══ RECORD SET ══

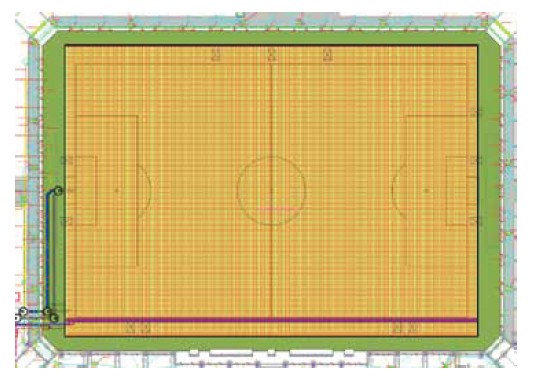УПРАВЛЕНИЕ: система подогрева управляется компьютерной программой, которая позволяет контролировать температуру поля в разных местах и на разной глубине при помощи специальных сенсоров. Пользователю необходимо только вводить данные о температуре, влажности и воздушности футбольного поля, а сам интрефейс, благодаря соединению входных данных со множества сенсоров и датчиков всех в нём соединённых систем, способен произвести желанные регулировки и выполнить необходимые процедуры.
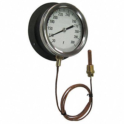 G2671 Analog Panel Mount Thermometer 30 Degrees to 180 Degrees F 4.5 in 0.4 in Dia x 2 in L Copper Probe Probe Length 2 in 1/2 in MNPT with 10 ft Cable Vapor-Actuated Aluminium Housing with Glass Lens Cable Length 10 ft
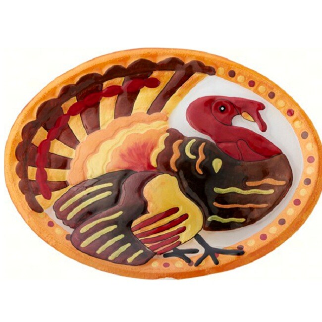 GC Home & Garden 14" Yellow and Red Turkey Design Hand Made Oval Platter
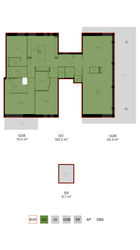 The parking garage is located in the basement of The Mayor, where you have access to two private parking spaces, both equipped with charging stations for electric vehicles. Additionally, a private storage unit of approximately 7m² is available.
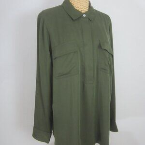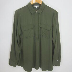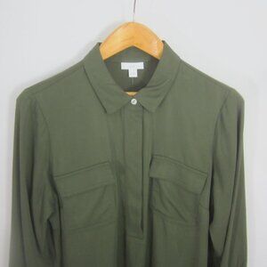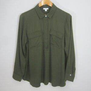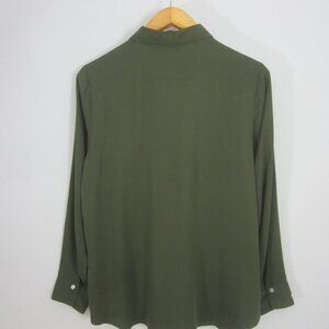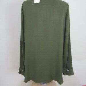 New J Jill Womens Medium Olive Leaf Green LS Rayon Shirt Blouse Pockets NWT $89
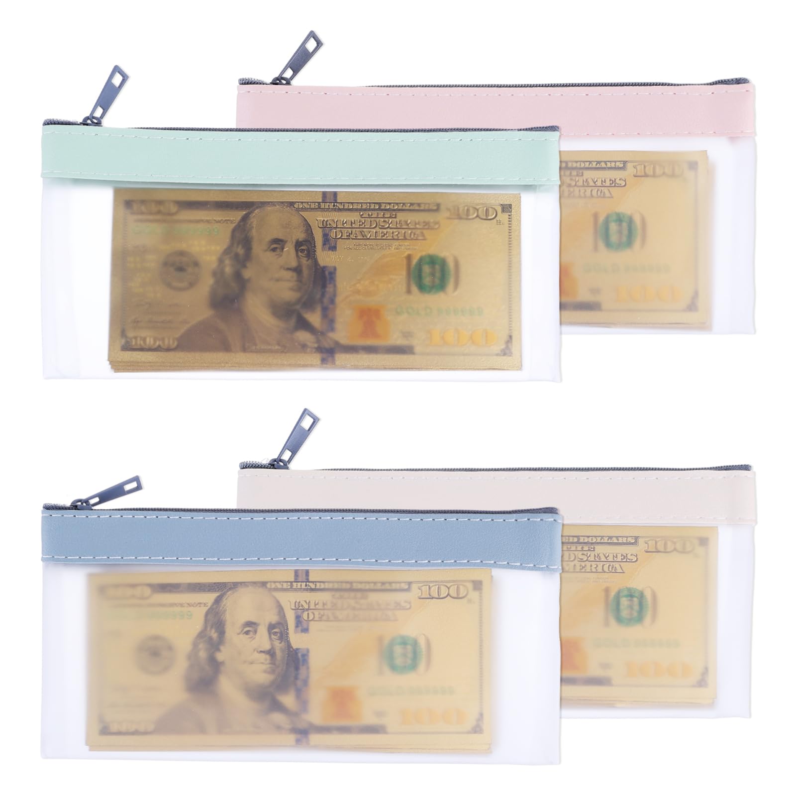 4 sobres de dinero para efectivo, bolsas de dinero de 7.8 x 3.9 pulgadas con cremallera, sobres de efectivo multiusos para cartera
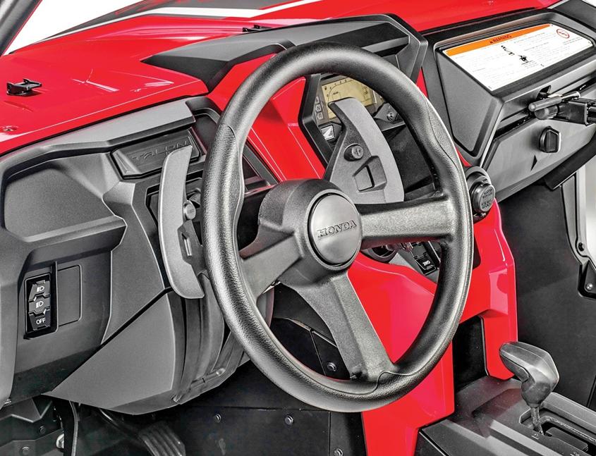 Вы должны либо нажать кнопку отключения автоматического режима, либо начать использовать подрулевые лепестки, чтобы перейти в ручной режим. Talon - единственный UTV на планете с такой КПП, и это один из его лучших активов.
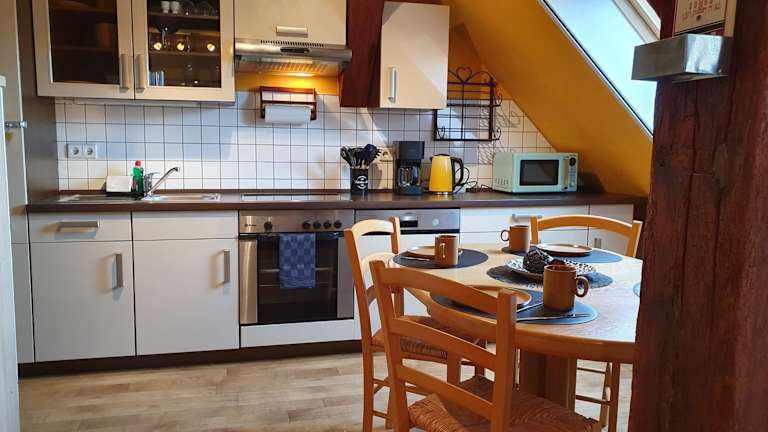 Die Ferienwohnung umfasst zwei Schlafzimmer, ein Wohnzimmer mit einem Flachbild-TV, eine gut ausgestattete Küche mit Kühlschrank und Geschirrspüler sowie ein Badezimmer mit Badewanne. Handtücher und Bettwäsche sind ebenfalls enthalten.
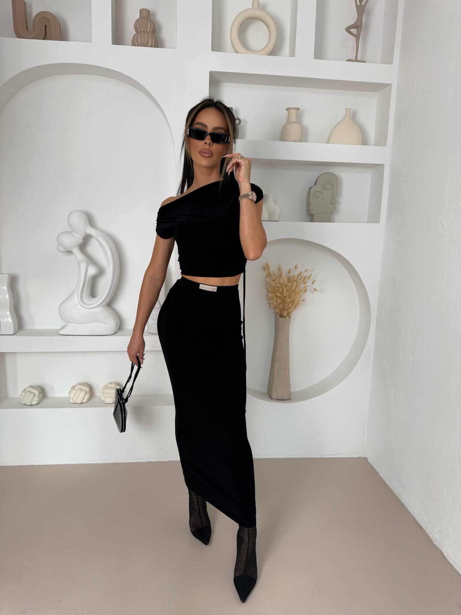 Elegancki i kobiecy zestaw NUMB LA MANUEL, który wyróżnia się subtelnym marszczeniem, które można regulować i unikalnym krojem. Spódnica maxi z delikatnym marszczeniem na biodrze dodaje lekkości i płynności ruchów, tworząc efektowną sylwetkę. Top z krótkim rękawem, asymetryczny na jedno ramię, z drugą stroną opadającą niżej, stanowi oryginalny element, który przyciąga wzrok. Ten set to doskonały wybór na wieczorne wyjście, randkę czy specjalną okazję, łącząc elegancję z modnym akcentem. Idealnie komponuje się z eleganckimi sandałkami lub szpilkami, podkreślając Twój styl i pewność siebie!
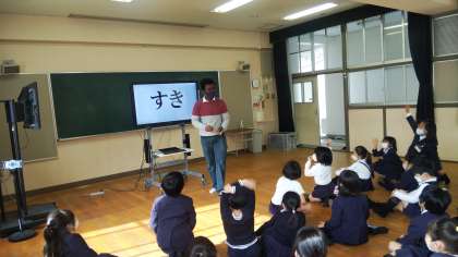 先週、久しぶりにモリス先生の外国語活動がありました。今回は、野菜や果物の名前と、それぞれの単数形・複数形を練習しました。昨年から2年続けて九条南小学校の担当なので、一人一人の名前もしっかり覚えてくださっています。授業の後、4年生の子たちは理解するのが早く、「すばらしい!」とほめていただきました。モリス先生との学習も、いよいよ残すところ1回です。
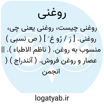 ( صفت ) ۱ - منسوب به روغن: ماده روغنی. ۲ - نانی که خمیر آنرا با روغن سرشته باشند روغنینه. ۳ - آنکه روغن گیرد روغنگر عصار.
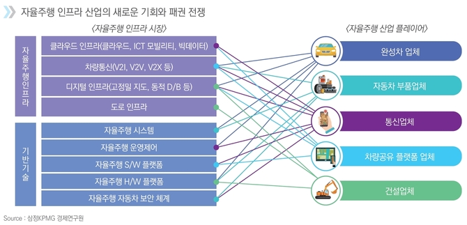 위승훈 삼정KPMG 자동차 산업 담당 리더(부대표)는 “향후에는 OEM과 통신사, 통신사와 IT기업, 플랫폼 기업과 OEM 등 다양한 협력 관계가 구축돼 산업을 초월한 기업 연대가 탄생할 것”이라며, “자율주행 산업의 각축전에서 승리하기 위해서는 산업의 경계를 뛰어넘어 다양한 분야의 기업들과 전략적 협업 체계를 만들어 나가는 것이 중요하다”고 강조했다.
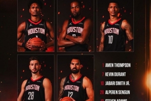本場(chǎng)火箭排出了一套“五大”首發(fā):阿門、杜蘭特、小史密斯、申京、亞當(dāng)斯。
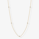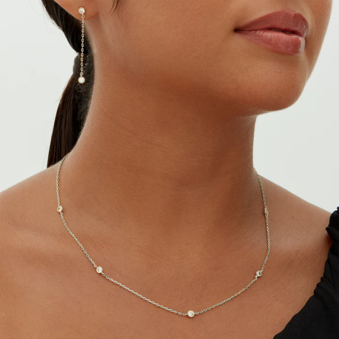 This station necklace is the epitome of luxury. Crafted with high-quality cubic zirconia's elegantly bezel set in five stations on a 14K gold-plated cable chain, this necklace exudes sophistication. Its timeless design and versatility make it the perfect layering piece for any occasion. Elevate your style with this stunning simulated diamond by the yard necklace.
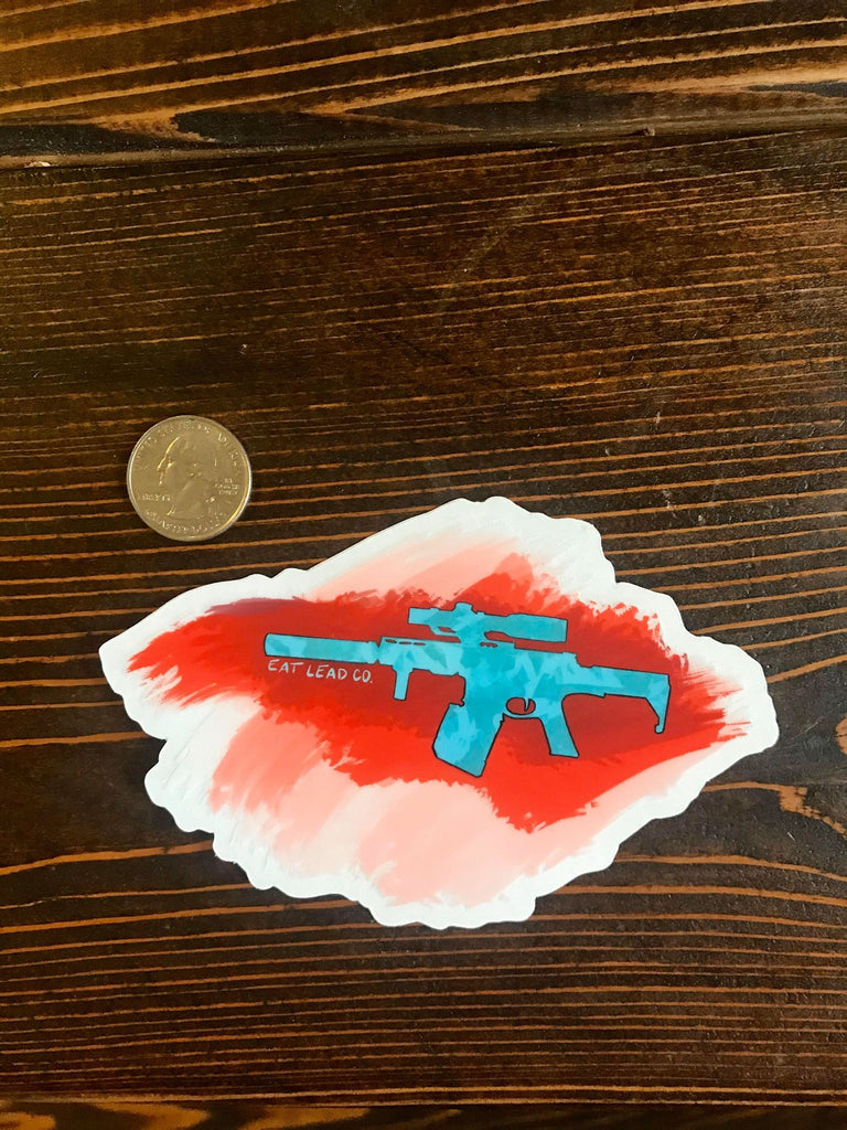 High quality sticker on clear background. Text reads "Eat Lead Co." 5" x 3.25"

═══

* YOUR GOAL: Set down all of the entries exactly as they stand, without any image.

* ANSWER FOR THIS EXERCISE:
УПРАВЛЕНИЕ: система подогрева управляется компьютерной программой, которая позволяет контролировать температуру поля в разных местах и на разной глубине при помощи специальных сенсоров. Пользователю необходимо только вводить данные о температуре, влажности и воздушности футбольного поля, а сам интрефейс, благодаря соединению входных данных со множества сенсоров и датчиков всех в нём соединённых систем, способен произвести желанные регулировки и выполнить необходимые процедуры.
 G2671 Analog Panel Mount Thermometer 30 Degrees to 180 Degrees F 4.5 in 0.4 in Dia x 2 in L Copper Probe Probe Length 2 in 1/2 in MNPT with 10 ft Cable Vapor-Actuated Aluminium Housing with Glass Lens Cable Length 10 ft
 GC Home & Garden 14" Yellow and Red Turkey Design Hand Made Oval Platter
 The parking garage is located in the basement of The Mayor, where you have access to two private parking spaces, both equipped with charging stations for electric vehicles. Additionally, a private storage unit of approximately 7m² is available.
 New J Jill Womens Medium Olive Leaf Green LS Rayon Shirt Blouse Pockets NWT $89
 4 sobres de dinero para efectivo, bolsas de dinero de 7.8 x 3.9 pulgadas con cremallera, sobres de efectivo multiusos para cartera
 Вы должны либо нажать кнопку отключения автоматического режима, либо начать использовать подрулевые лепестки, чтобы перейти в ручной режим. Talon - единственный UTV на планете с такой КПП, и это один из его лучших активов.
 Die Ferienwohnung umfasst zwei Schlafzimmer, ein Wohnzimmer mit einem Flachbild-TV, eine gut ausgestattete Küche mit Kühlschrank und Geschirrspüler sowie ein Badezimmer mit Badewanne. Handtücher und Bettwäsche sind ebenfalls enthalten.
 Elegancki i kobiecy zestaw NUMB LA MANUEL, który wyróżnia się subtelnym marszczeniem, które można regulować i unikalnym krojem. Spódnica maxi z delikatnym marszczeniem na biodrze dodaje lekkości i płynności ruchów, tworząc efektowną sylwetkę. Top z krótkim rękawem, asymetryczny na jedno ramię, z drugą stroną opadającą niżej, stanowi oryginalny element, który przyciąga wzrok. Ten set to doskonały wybór na wieczorne wyjście, randkę czy specjalną okazję, łącząc elegancję z modnym akcentem. Idealnie komponuje się z eleganckimi sandałkami lub szpilkami, podkreślając Twój styl i pewność siebie!
 先週、久しぶりにモリス先生の外国語活動がありました。今回は、野菜や果物の名前と、それぞれの単数形・複数形を練習しました。昨年から2年続けて九条南小学校の担当なので、一人一人の名前もしっかり覚えてくださっています。授業の後、4年生の子たちは理解するのが早く、「すばらしい!」とほめていただきました。モリス先生との学習も、いよいよ残すところ1回です。
 ( صفت ) ۱ - منسوب به روغن: ماده روغنی. ۲ - نانی که خمیر آنرا با روغن سرشته باشند روغنینه. ۳ - آنکه روغن گیرد روغنگر عصار.
 위승훈 삼정KPMG 자동차 산업 담당 리더(부대표)는 “향후에는 OEM과 통신사, 통신사와 IT기업, 플랫폼 기업과 OEM 등 다양한 협력 관계가 구축돼 산업을 초월한 기업 연대가 탄생할 것”이라며, “자율주행 산업의 각축전에서 승리하기 위해서는 산업의 경계를 뛰어넘어 다양한 분야의 기업들과 전략적 협업 체계를 만들어 나가는 것이 중요하다”고 강조했다.
本場(chǎng)火箭排出了一套“五大”首發(fā):阿門、杜蘭特、小史密斯、申京、亞當(dāng)斯。
 This station necklace is the epitome of luxury. Crafted with high-quality cubic zirconia's elegantly bezel set in five stations on a 14K gold-plated cable chain, this necklace exudes sophistication. Its timeless design and versatility make it the perfect layering piece for any occasion. Elevate your style with this stunning simulated diamond by the yard necklace.
 High quality sticker on clear background. Text reads "Eat Lead Co." 5" x 3.25"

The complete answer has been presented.